# Building a Smart Data Aggregator - Assignment 2

## Part 1: User Data Processing with Lists

### Write a function to:
- Filter out users older than 30 from specific countries (‘USA’, ‘Canada’).

In [1]:
def filter_users(data):
    country_to_check = ("usa", "canada")
    out = []
    for user in data:
        if int(user[2]) > 30 and user[3].lower() in country_to_check:
            out.append(user.copy())
    return out

- Extract their names into a new list.

In [2]:
def extract_names(data):
    filtered_users = filter_users(data)
    names = []
    for user in filtered_users:
        names.append(str(user[1]))
    return names

### Implement a function that:
- Sorts the original list of tuples by age and returns the top 10 oldest users.

In [3]:
def by_age(row):
    return int(row[2])
def sort_by_age(data):
    data.sort(key=by_age)
    return data

- checks if there are any users with duplicate names in the list. If duplicates are
found, output those names.

In [4]:
def check_duplicates(data):
    check = set()
    out = []
    for user in data:
        name = user[1].lower()
        if name not in check:
            check.add(name)
        else:
            out.append(name)
    return list(set(out))

## Part 2: Immutable Data Management with Tuples

### Write a function that:

- Takes a list of transactions (tuples) and finds the total number of unique users
involved in transactions.


- Ensures the integrity of the tuples by avoiding any changes to the original data.

In [5]:
def get_unique_users(data):
    check = set()
    unique_list = []
    for user in data:
        if user[1] not in check:
            check.add(user[0])
            unique_list.append(user)
    return unique_list

### Implement a function that:
- Identifies and returns the transaction with the highest amount without altering the
list of tuples.

In [6]:
def get_highest_amount(data):
    amount = float('-inf')
    my_tup = None
    for transaction in data:
        if int(transaction[2]) > amount:
            amount = int(transaction[2])
            my_tup = transaction
    return my_tup

- receives a list of tuples and returns two separate lists: one containing all the
transaction_ids and the other containing all user_ids. What challenges might
arise if the tuple size is inconsistent?

>> if there are some tuples with inconsistent size then the function that I have written below will not work correctly infact it may give index out of range error. It's also possible that it would not give any error, leading to incorrect results and also incorrect output. (We must know the indexes of transaction_ids and user_ids indexes in the tuples and data must be present at these indexes)

In [7]:
def get_ids(data):
    transaction_ids = set()
    user_ids = set()
    for user in data:
        transaction_ids.add(user[0])
        user_ids.add(user[1])
    return [list(transaction_ids), list(user_ids)]

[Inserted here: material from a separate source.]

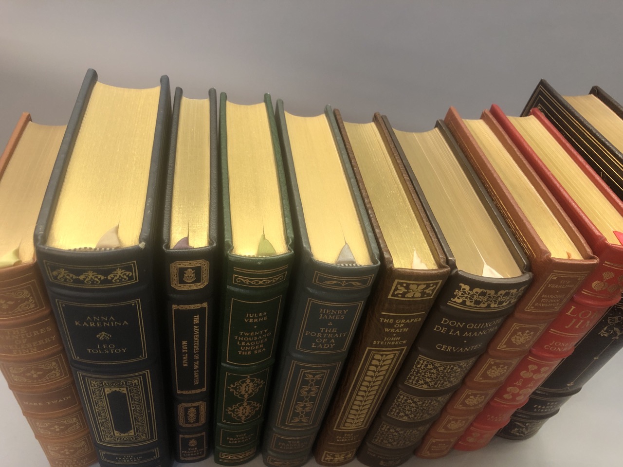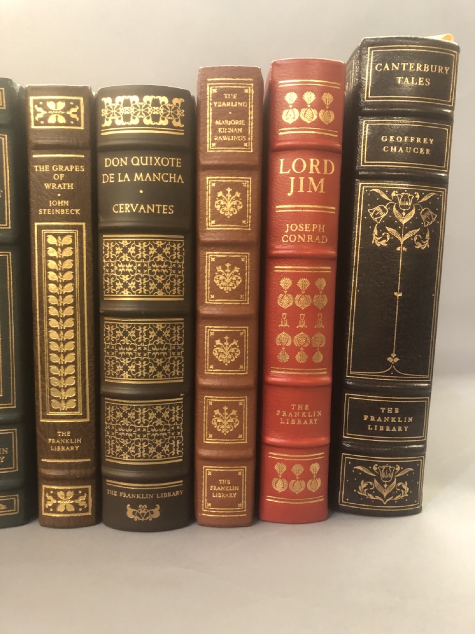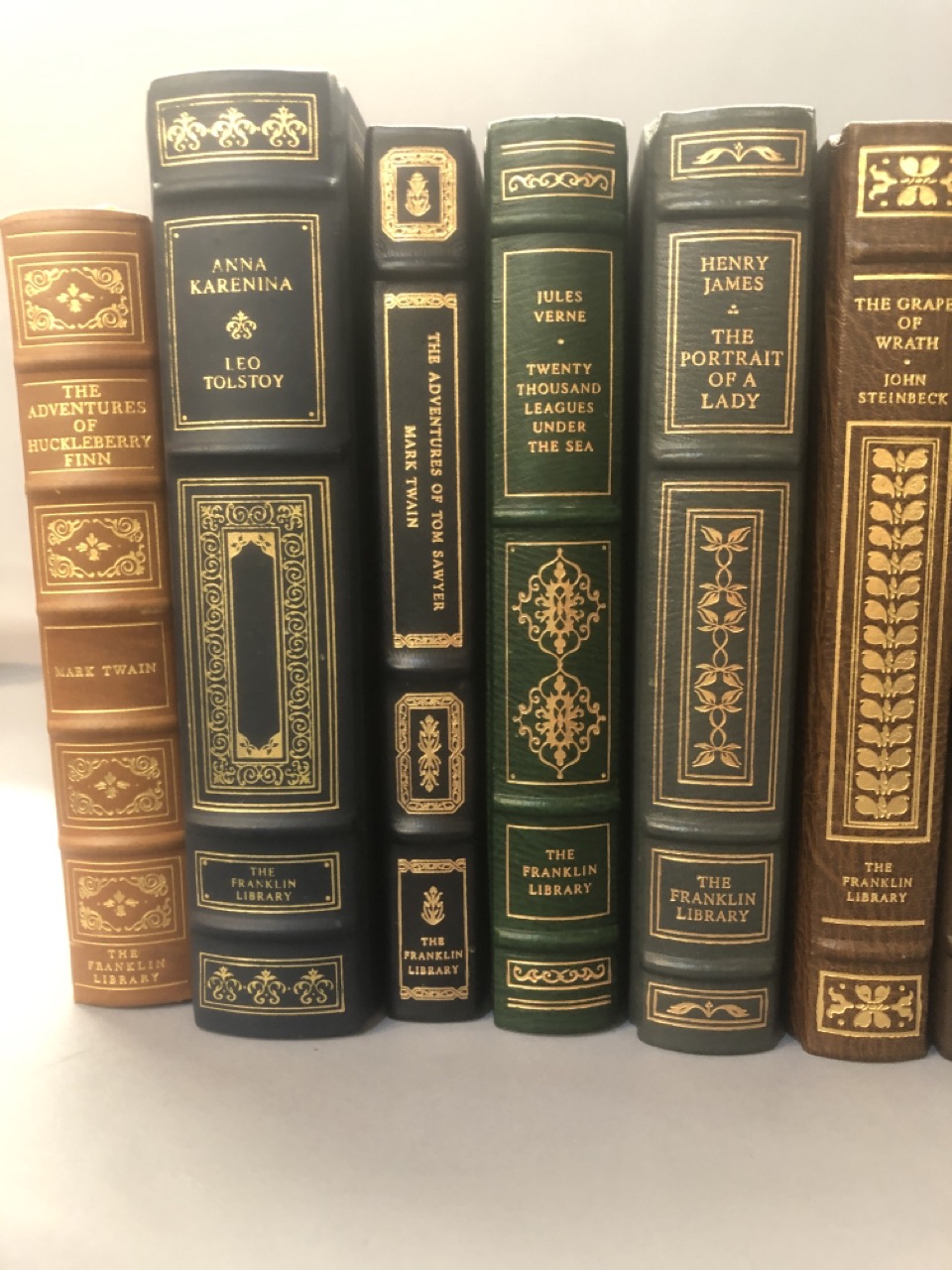 Franklin Library leather bound books, 10 piece lot. Titles include: The Adventures of Huckleberry Finn, Leo Tolestoy, The Adventures of Tom Sawyer, 20,000 Legues Under The Sea, The Portrait Of The Lady,The Grapes Of Wrath, Don De La Mancha, The Yearling, Lord Jim and Canterbury Tales.

## Part 3: Unique Data Handling with Sets
### Write a function that:
- Finds the users who visited both Page A and Page B.

In [8]:
def common_users(page_a, page_b):
    out = page_a.intersection(page_b)
    return out

- Finds users who visited either Page A or Page C, but not both.

In [9]:
def unique_users(page_a, page_c):
    out = page_a.symmetric_difference(page_c)
    return out

### Implement a function that:
- Updates the set for Page A with new user IDs.

In [10]:
def update_a(page_a, new_users):
    # page_a.update(new_users) or 
    for user in new_users:
        page_a.add(user)

- Removes a list of user IDs from the set for Page B.

In [11]:
def remove_from_b(page_b, user_ids):
    # page_a.difference_update(new_users) or 
    for user in user_ids:
        page_b.remove(user)

## Part 4: Data Aggregation with Dictionaries
### Write a function that:
- Filters out users who rated 4 or higher and stores their user_id and rating in a
new dictionary.

In [12]:
def filter_users(data):
    out = {user_id: feedback['rating'] for user_id, feedback in data.items() if feedback['rating'] >= 4}
    return out

- sort the dictionary of user feedback by rating in descending order and return the
top 5 users.

In [13]:
def top5_users(data):
    out_filtered = filter_users(data)
    out = dict(sorted(out_filtered.items(), key=lambda item: item[1], reverse=True)[:5])
    return out

### Implement a function that:
- Combines feedback from multiple dictionaries. If a user is present in more than
one dictionary, update their rating to the highest one and append their comments.

In [14]:
def update_feedback(out1):
    new_feedback = {}
    for feedback in out1:
        for user_id, comments in feedback.items():
            if user_id in new_feedback:
                new_feedback[user_id]['rating'] = max(new_feedback[user_id]['rating'], comments['rating'])
                new_feedback[user_id]['comments'].append(comments['comments'])
            else:
                new_feedback[user_id] = {
                    'rating': comments['rating'],
                    'comments': [comments['comments']]
                }
    return new_feedback

- Use dictionary comprehension to create a dictionary of user_id and rating for all
users whose rating is greater than 3.

In [15]:
def rating_above_3(out2):
    out = {user_id: comments['rating'] for user_id, comments in out2.items() if comments['rating'] > 3}
    return out